> [YOUR INSTRUCTIONS]: Without the pictures, set down everything in the listing exactly.

> [DATASET EXCERPT]:
= Beginning of Section =
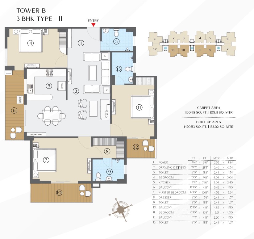 3 BHK | 1132 Sq.ft. | On Request | On Request | On Request | |
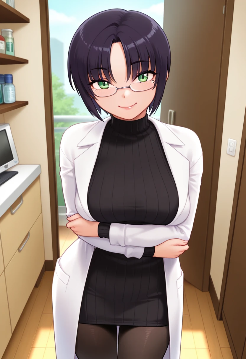 lab coat, black sweater dress, ribbed sweater, turtleneck sweater, black pantyhose, pumps,
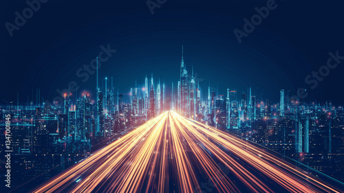 Fototapeta premium Futuristic Cityscape at Night with Illuminated Highway
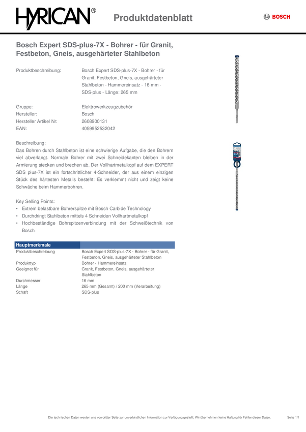 Wiertło udarowe Bosch Accessories EXPERT SDS plus-7X 2608900131 16.00 mm 1 szt.
= End of Section =
> [EXERCISE SOLUTION]:
 3 BHK | 1132 Sq.ft. | On Request | On Request | On Request | |
 lab coat, black sweater dress, ribbed sweater, turtleneck sweater, black pantyhose, pumps,
 Fototapeta premium Futuristic Cityscape at Night with Illuminated Highway
 Wiertło udarowe Bosch Accessories EXPERT SDS plus-7X 2608900131 16.00 mm 1 szt.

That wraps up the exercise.